Recent experiments by professors at the Universities of Oxford and Wales Bangor show that it may be natural for people to herd just like animals when they are in a crowd, as reported by The Telegraph (2/14/08) The scientists told volunteers to start walking around a large hall with no particular destination. Then they gave a few of the volunteers some directions on where to walk. It turns out that it took only 5% who seemed to be informed to sway the rest of the crowd of 200 people or more. "There are strong parallels with animal grouping behaviour," says Professor Jens Krause, who led the team of scientists.

..herding behavior in human beings .... is the study of how humans behave in groups within contexts of uncertainty....(Elliot Wave Theorist 2/17/08)

A solo practitioner is about not being part of the herd.  Or part of the herd-mentality created in law school which has every single lawyer on virtually the same career path - working for another, preferably Big Law.  I've received many e-mails from law students who specifically state they wanted to work for themselves but "got caught up in the attitude at law school" and ending up doing what everyone else was doing and getting a job.  They became part of the herd and were led by the 5% who knew definitively where they wanted to go...Big Law.

Being a solo practioner is about self-empowerment, choice and taking absolute responsbility for your own actions, successes and failures. This is the reality.  If you do not understand you alone will be responsible for your actions it will be very hard to appreciate the career path you are travelling when becoming a solo practitioner.

The ability to accept personal responsibility for work outcomes and to thrive under individual scrutiny improves your chances by 65 percent of successfully making the transition from working for a traditional large company to succeeding...at a small firm or as a (solo practitioner)

Peiperl, M., and Y. Baruch, 1997. "Back to Square Zero: The Post-Corporate Career."  Organizational Dynamics 25: 7-22

You alone are responsible for your successes and failures.

Whether by conscious choice or believing you have no other choice than solo practice, the issue is the same. However, knowing you are in control (for the most part) of this venture, you are eliminating a great deal of uncertainty because you have removed the external variables which lead to insecurity such as an employer, the employer's agenda, pleasing the employer, the employer's mismanagement which leads to your layoff, the possibility you are not the right color or gender or marital status or pedigree.  While there will always remain some degree of uncertainty in solo practice, a large part is removed because you know you are not going to fire yourself or knowingly create a failed practice.  You know your color, gender, marital status and pedigree and are quite proud of it.

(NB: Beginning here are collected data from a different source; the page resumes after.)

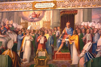 In 451 The Council of Chalcedon declared that even after the Incarnation there were two natures, united in one person, so what is said of one nature applies to the other. One is mother of the person, not just the nature. Hence, one could indeed call Mary the Mother of God. Pope Leo I offered a formula that incorporated Nestorius’s concern for a clear distinction between the two natures in Jesus; Christ is one Person, the Divine Word, in whom two natures, human and divine, are permanently united without confusion and mixture. Chalcedon was to go on to say that Jesus was “born of the Virgin Mary …according to his humanity.”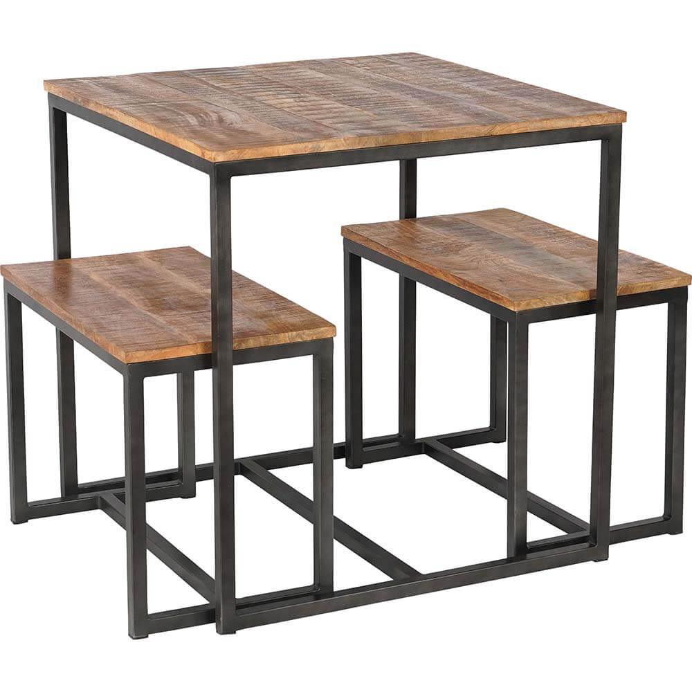 Mojito bord-bænkesæt kombinerer funktionalitet med æstetik. Med sin bordplade i rustikt genanvendt træ og mørkt jernunderstel tilføjer det varme og karakter til dit hjem. Dette kompakte sæt er ideelt til små rum, hvor det kan skabe en stemningsfuld spiseplads med kant.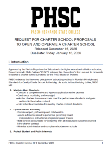 Approved by the Florida Department of Education to be higher education institution authorizer, Pasco Hernando State College (“PHSC”)  releases this, the college’s first, request for proposals to operate a charter school authorized by the PHSC Board of Trustees.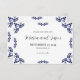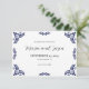 This Mexican Talavera Black Floral Minimalist Wedding Save the Date design features a minimalist approach with delicate, symmetrical black floral motifs placed in each corner and along the edges. The small, leaf-like shapes create a sense of movement while maintaining an airy, open space in the center, allowing for ample text placement. The simplicity and elegance of the pattern evoke traditional Talavera tiles, giving the design a classic Mexican artisanal feel.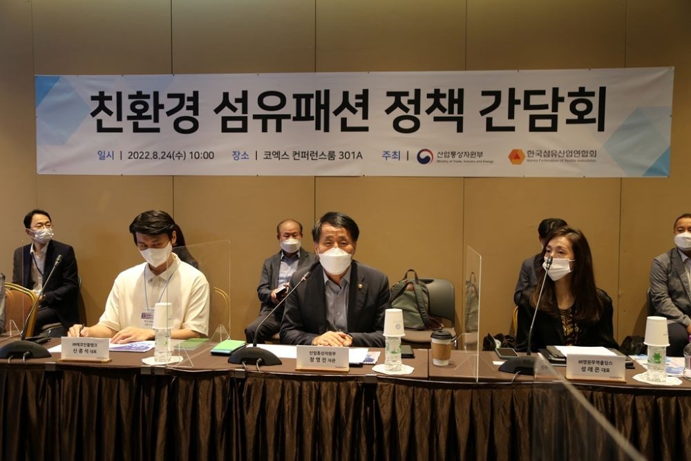 장영진 산업통상자원부 1차관이 오늘(24일) 오전 코엑스에서 주요 섬유패션기업 대표들과 함께 정책 간담회를 갖고 섬유패션산업의 친환경 및 저탄소화 방안을 논의했다.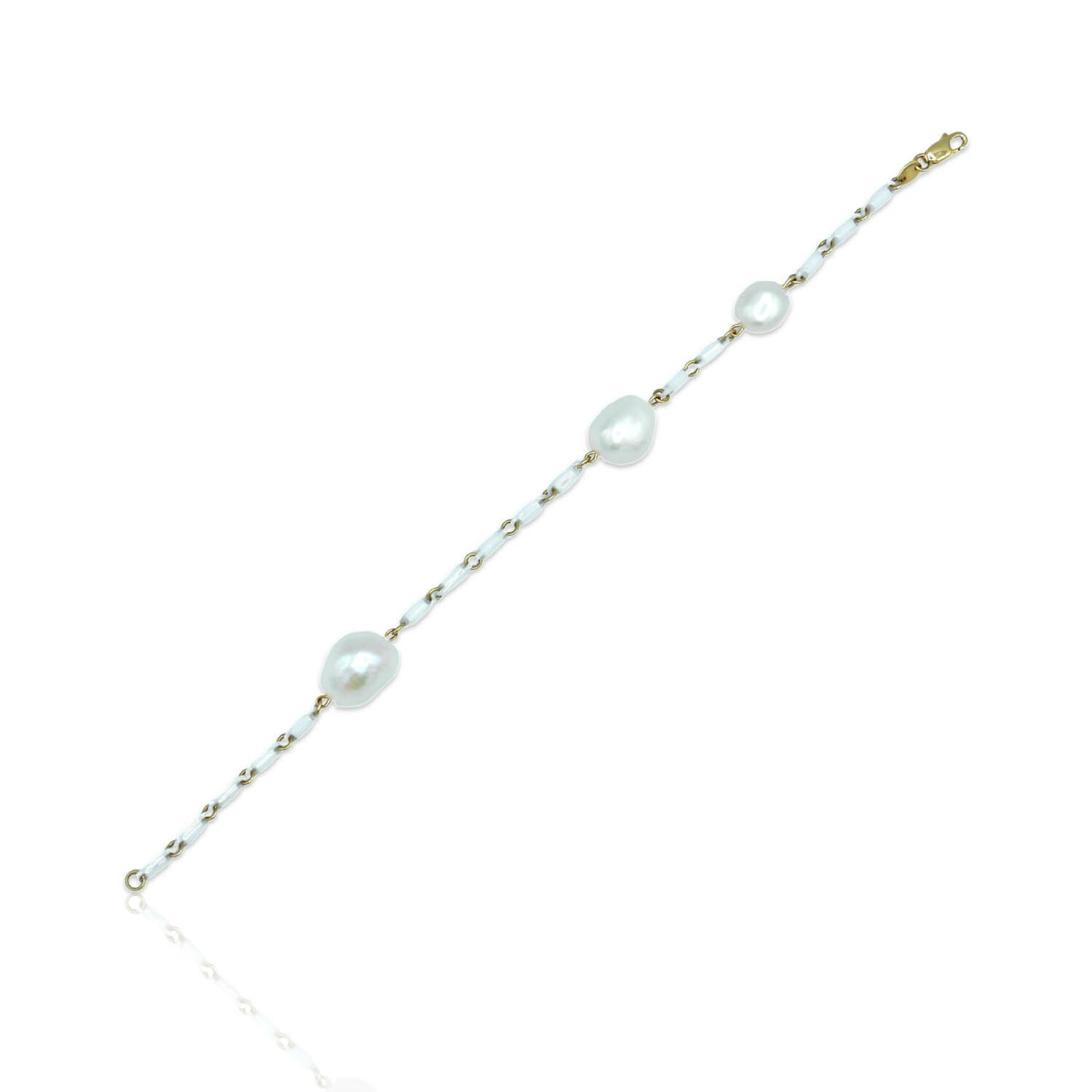 Superoro // 18K Yellow Gold Ceramic + Pearl Bracelet // 7.5" // New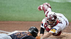 [OSEN=고척, 김성락 기자] 3일 오후 서울 구로구 고척스카이돔에서 '2022 신한은행 SOL KBO리그' 키움 히어로즈와 한화 이글스의 경기가 열렸다.1회초 2사 1루 한화 이진영의 2루타 때 1루주자 김인환이 홈까지 내달렸으나 키움 포수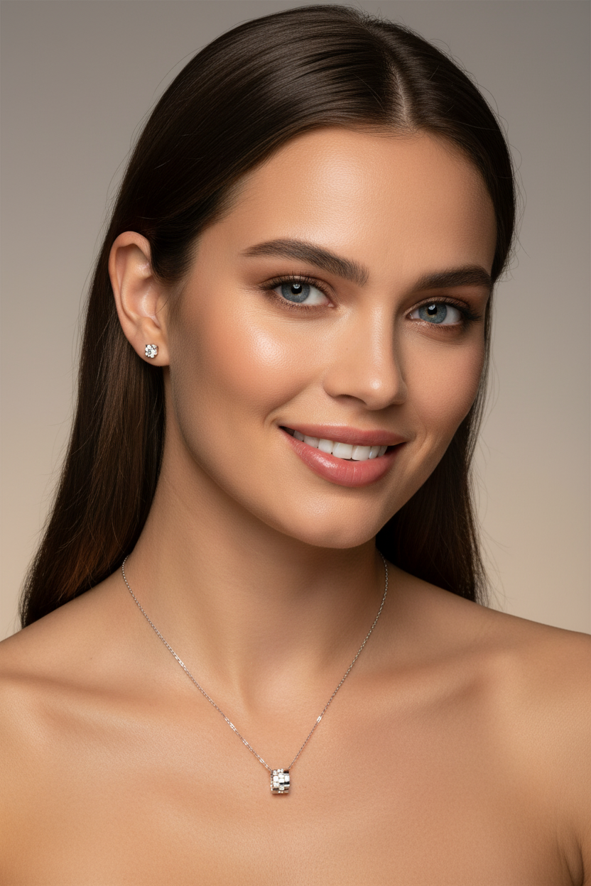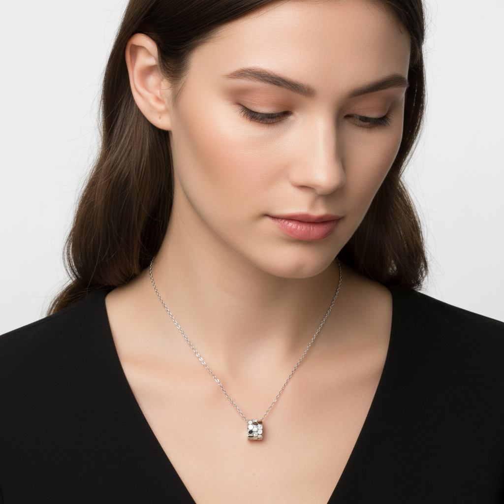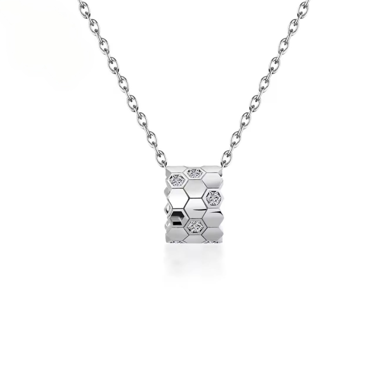 Un design modern, cu detalii geometrice elegante și o strălucire subtilă, acest lănțișor este perfect pentru a adăuga rafinament oricărei ținute. Pandantivul are formă cilindrică cu model hexagonal și este împodobit cu moissanite de înaltă calitate, pentru un look sofisticat și actual.

Solos, however, deal with a different kind of uncertainty.  This includes bringing in enough of the right clients to sustain themselves over the life of their solo practice as well as getting the actual legal work done.  These skills can be learned and the pendulum on these uncertainties can swing towards greater certainty.

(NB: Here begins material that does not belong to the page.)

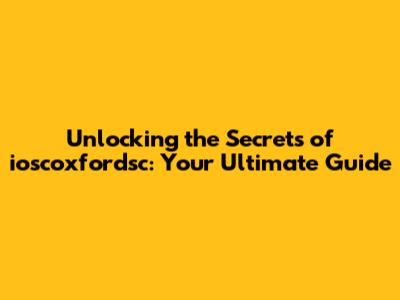 Unlocking The Secrets Of Ioscoxfordsc: Your Ultimate Guide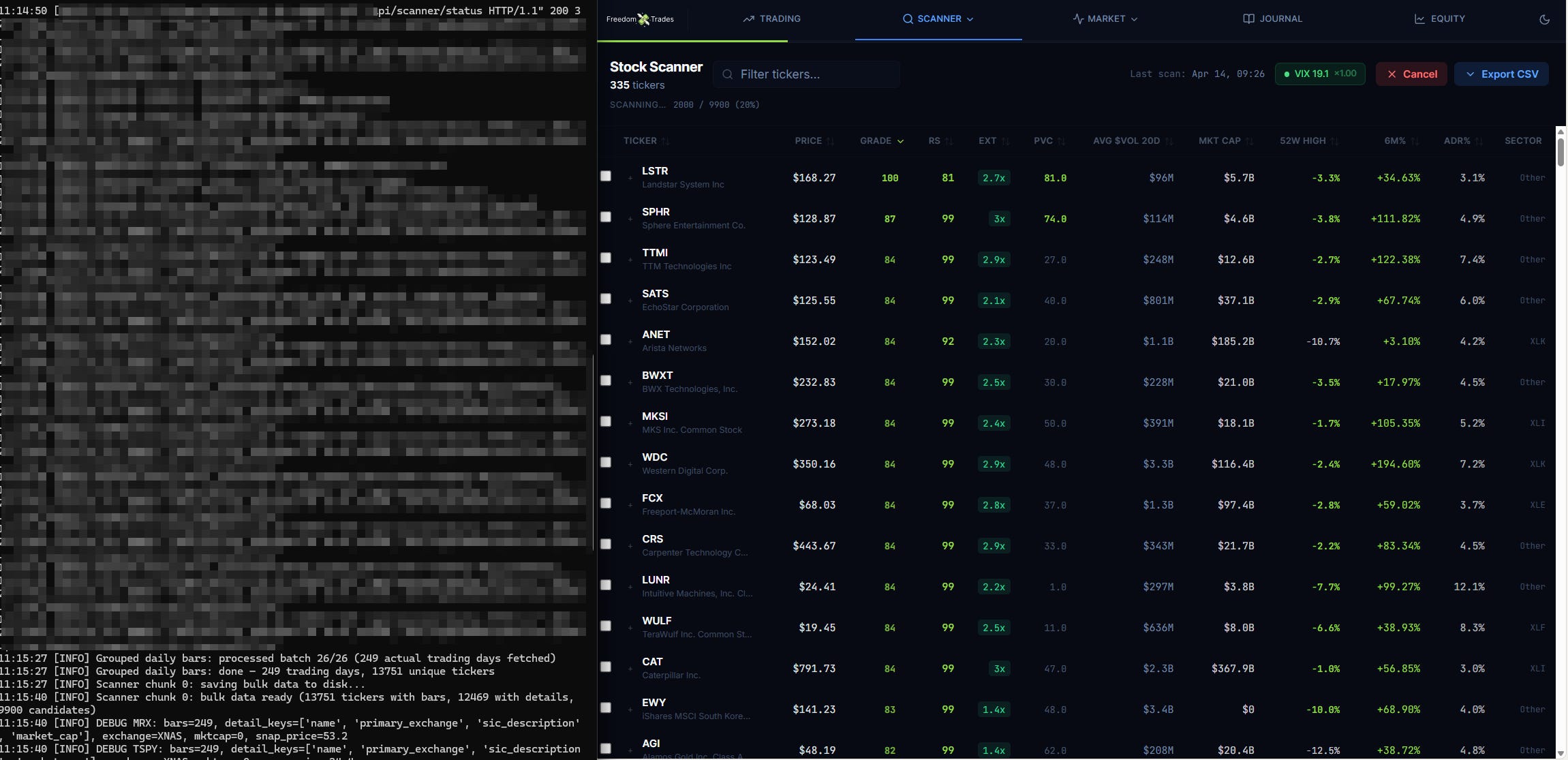 Using Claude to code, I built a scanner based on a formula I created that detects price and volume contraction, along with other factors such as RS Rating, distance from the 50MA, Avg $Vol 20D, 52-Week High Proximity, ADR%, and more.

To countermand the solo's sense of uncertainty is the headiness of the achievement, self-employment on your terms, building something with your name on it, bringing in the clients and income to maintain a chosen lifestyle. It remains unquestionably one of the most powerful motivators for many who choose solo practice.  You work just as hard but on your own time schedule.  You are driven by your own work ethic in order to achieve those goals which are most important to you.  And these goals play a critical role in determining the character and structure of your solo practice. It's a symbiotic relationship.

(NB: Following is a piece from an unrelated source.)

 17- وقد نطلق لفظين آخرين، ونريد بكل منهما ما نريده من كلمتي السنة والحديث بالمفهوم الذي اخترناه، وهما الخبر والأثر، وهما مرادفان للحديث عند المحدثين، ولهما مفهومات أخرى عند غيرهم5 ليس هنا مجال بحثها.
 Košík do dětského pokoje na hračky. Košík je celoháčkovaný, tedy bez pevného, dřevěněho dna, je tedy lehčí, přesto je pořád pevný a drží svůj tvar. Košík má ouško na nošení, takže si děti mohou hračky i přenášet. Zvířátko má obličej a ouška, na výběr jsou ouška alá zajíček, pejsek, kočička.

If your ambition is Big Law that's terrific and congratulations for understanding the environment you believe you will thrive in as a lawyer.  I'm not here to dissuade you. But if the Big Law environment isn't where you will flourish and you are feeling like you are being led away from the solo or small firm option by the 'herd' then decide where you do fit into the 'herd."  Once you get a handle on where you fit in, (only your opinion matters) the options will make more sense and you can be a little more peaceful about your choices, whatever they may be.  Only then can you start successfully planning the present and the future.